▸ **PROBLEM TO SOLVE**
Within the entries below, please retype exactly the lines starting with the line that has "While the pork" and going on through the line that has "Makademya financier, makademya", but not the pictures.

+++

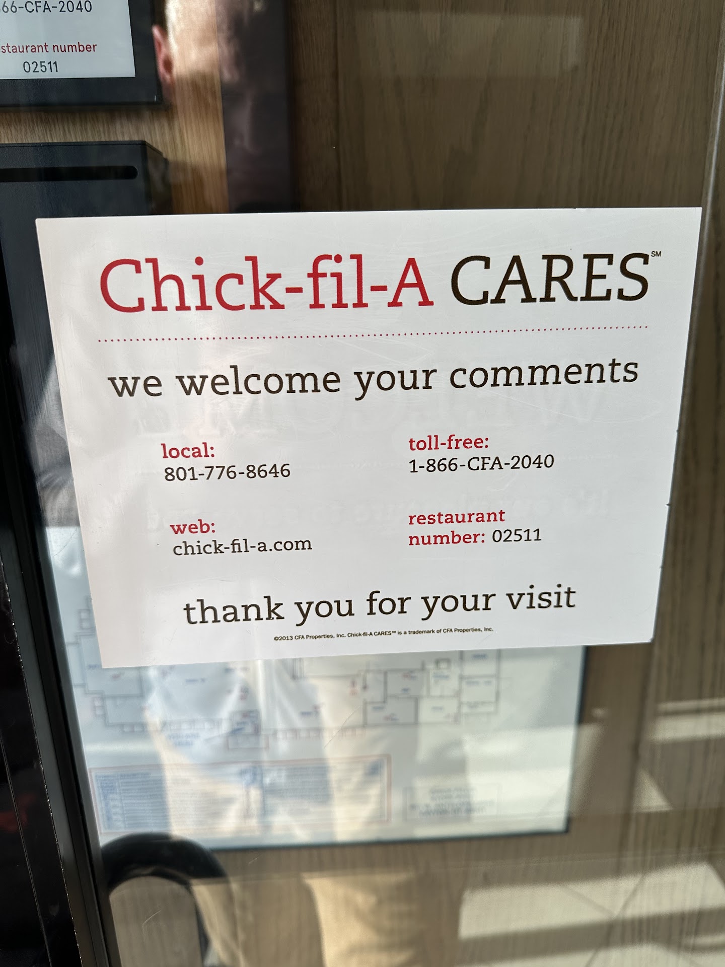 Read moreWell all it takes is one bad experience to make a customer go from a five star to a 1 star for service. I do not live close by and traffic around there is always horrible around dinner. I was on my way home and decided to get something to eat and realized after I got home that I did not get one of my items. I tried calling and it kept going to voicemail. Finally got a hold of somebody after the 5th attempt and I was not able to go by the same day because I do not live close by. She gave me an option to get a coupon in the mail as the only option because they were not willing to give me my salad the next day when I would be in the area for my job. So not only do I have to waste gas to go all the way back out there but I also have to bring in my receipt (which I do have and that's no big deal) but it's so inconvenient with the heat and the traffic and the fact that they forgot it . What am I going to Wendy's or McDonald's or something? come on! You guys are supposed to be on top of your game of handing the right food to people. They used to be really good and I've never had an issue before but the last couple times I've been there they've been off their usual service. I will say she wasn't rude but she was just extremely non-accommodating **Management contacted me and refunded me my item on the Chick-fil-A app. It's just as easy to get a customer back up to a 5 star...
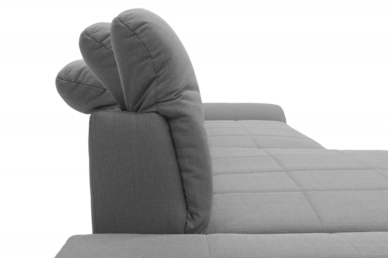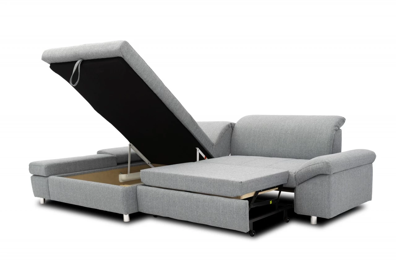 Unser Mika Ecksofa kann sich sehen lassen. Mit ihren modernen Füßen für soliden Stand und einer aufwendigen Steppung besticht sie mit einer zeitgemäßen Optik für das Wohnzimmer von heute. Zudem ist es eine wahre Verwandlungskünstlerin. Nicht nur, dass sich eine Armlehne und beide Rückenlehnen an jede gewünschte Position für maximalen Sitzkomfort anpassen lassen. Zusätzlich lässt sich das Sofa dank Bettfunktion im Handumdrehen in eine bequeme Liegelandschaft verwandeln. Im großzügigen Bettkasten lassen sich ganz einfach alle nötigen Utensilien verstauen, die man für eine gute Nachtruhe braucht. Die Mika lässt Sie nie im Stich.
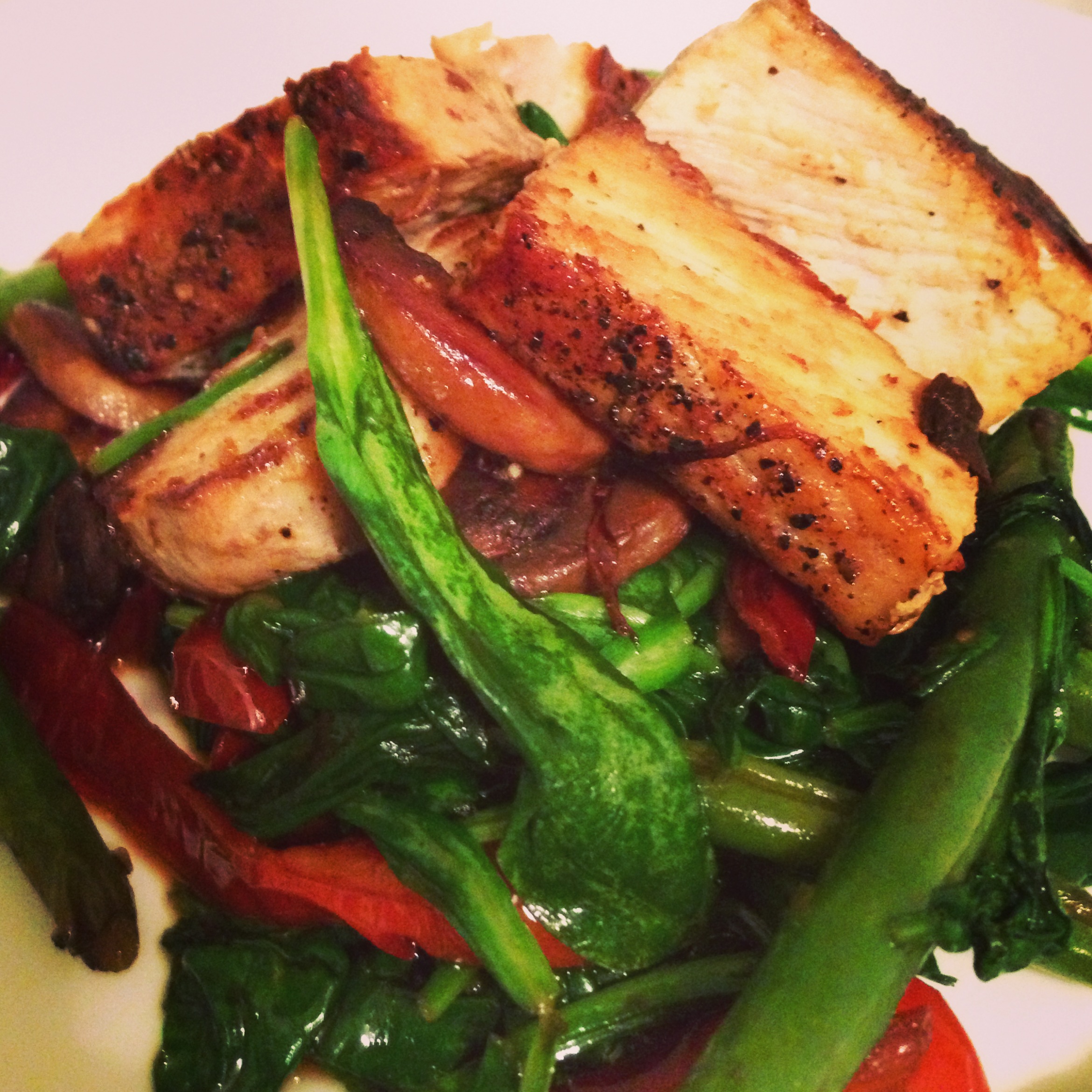 While the pork is cooking add the peppers, mushrooms, spinach and green beans and sautee together. Add more coconut oil, if necessary.
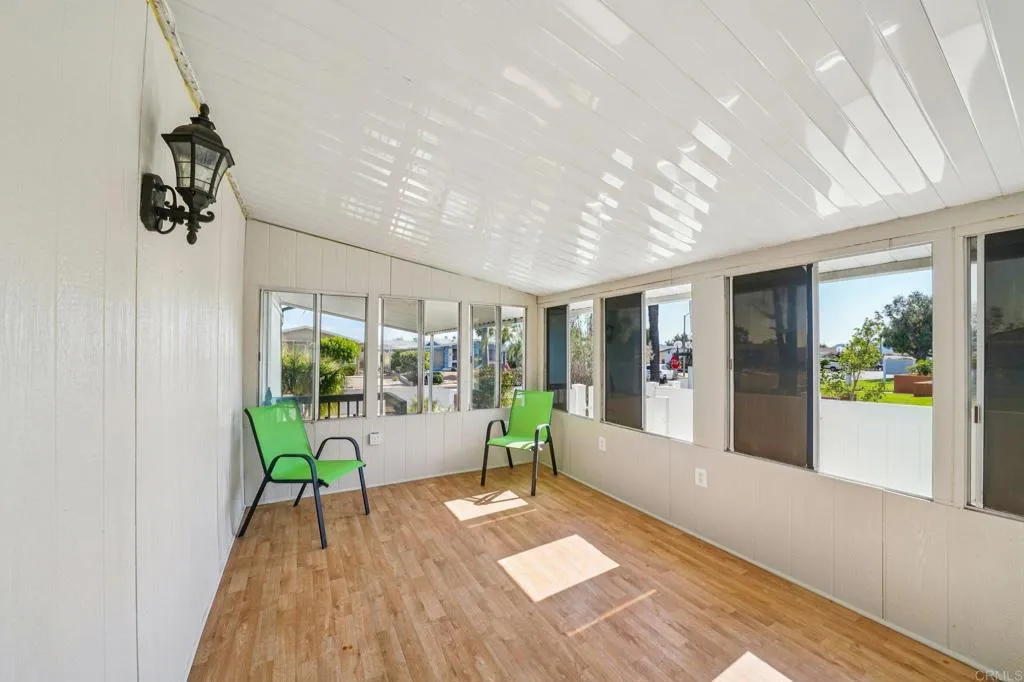 Welcome to an elegant and inviting retreat in the highly desirable 55+ community of Golf Knolls. This land-owned manufactured home has been thoughtfully upgraded and meticulously maintained, offering a refined yet comfortable living experience. Enjoy tranquil mornings on the charming front porch or relax in one of two sun-drenched sunrooms, perfect for quiet moments or effortless entertaining. The interior showcases new windows, updated flooring, and a beautifully refreshed kitchen with generous counter space, complemented by both a spacious living room and separate family room, as well as a formal dining area for more elevated gatherings. Outdoors, the private setting is enhanced by vinyl fencing and a mature lemon tree, creating a serene and polished atmosphere. Additional highlights include an accessible ADA ramp, recent bracing, and a permanent foundation with a recorded 433A certificate, providing both quality and peace of mind. Ideally situated adjacent to the community clubhouse and sparkling pool, with parking for up to four vehicles, this residence offers a sophisticated blend of comfort, convenience, and lifestyle.
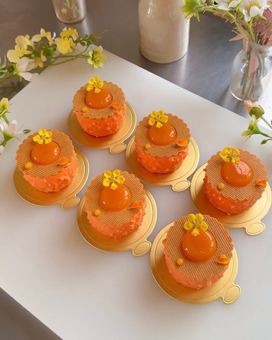 Makademya financier, makademya beyaz çikolata crunch, kayısı confit, ve portakal aromalı vanilyalı çırpılmış ganaj ile hazırlanan parlak ve ferah bir kayısı entremet pastası.
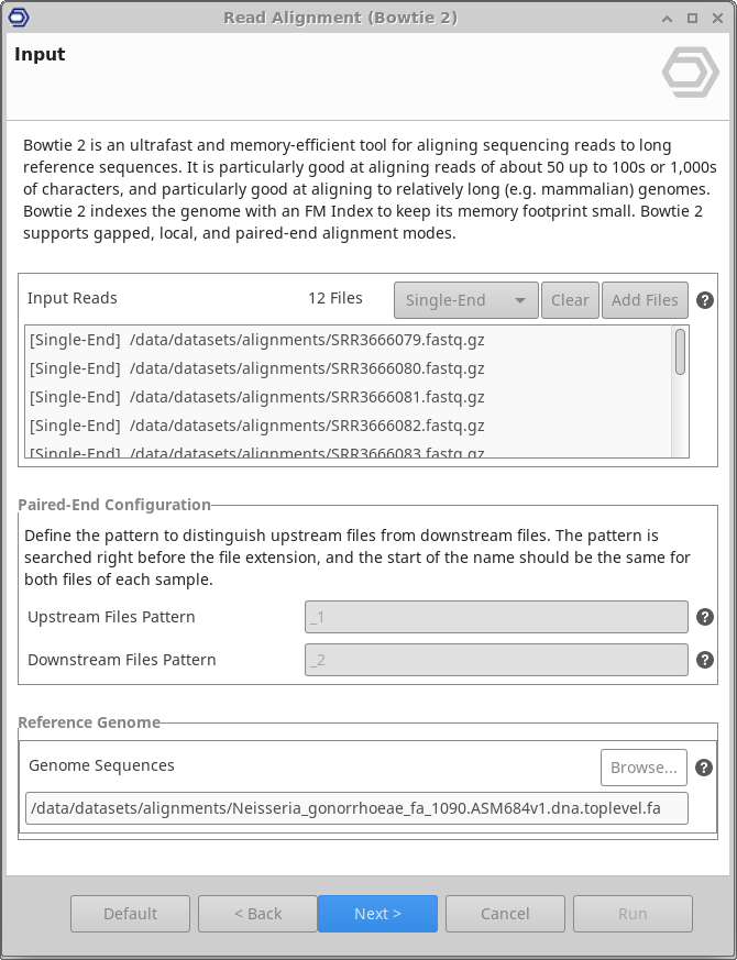 Paired-end Configuration: If paired-end reads are provided, a pattern to distinguish upstream files from downstream files is required. The provided patterns are searched in the filenames right before the extension. The beginning of the filenames should be the same for both files of each sample.

+++

▸ **TASK ANSWER**
 While the pork is cooking add the peppers, mushrooms, spinach and green beans and sautee together. Add more coconut oil, if necessary.
 Welcome to an elegant and inviting retreat in the highly desirable 55+ community of Golf Knolls. This land-owned manufactured home has been thoughtfully upgraded and meticulously maintained, offering a refined yet comfortable living experience. Enjoy tranquil mornings on the charming front porch or relax in one of two sun-drenched sunrooms, perfect for quiet moments or effortless entertaining. The interior showcases new windows, updated flooring, and a beautifully refreshed kitchen with generous counter space, complemented by both a spacious living room and separate family room, as well as a formal dining area for more elevated gatherings. Outdoors, the private setting is enhanced by vinyl fencing and a mature lemon tree, creating a serene and polished atmosphere. Additional highlights include an accessible ADA ramp, recent bracing, and a permanent foundation with a recorded 433A certificate, providing both quality and peace of mind. Ideally situated adjacent to the community clubhouse and sparkling pool, with parking for up to four vehicles, this residence offers a sophisticated blend of comfort, convenience, and lifestyle.
 Makademya financier, makademya beyaz çikolata crunch, kayısı confit, ve portakal aromalı vanilyalı çırpılmış ganaj ile hazırlanan parlak ve ferah bir kayısı entremet pastası.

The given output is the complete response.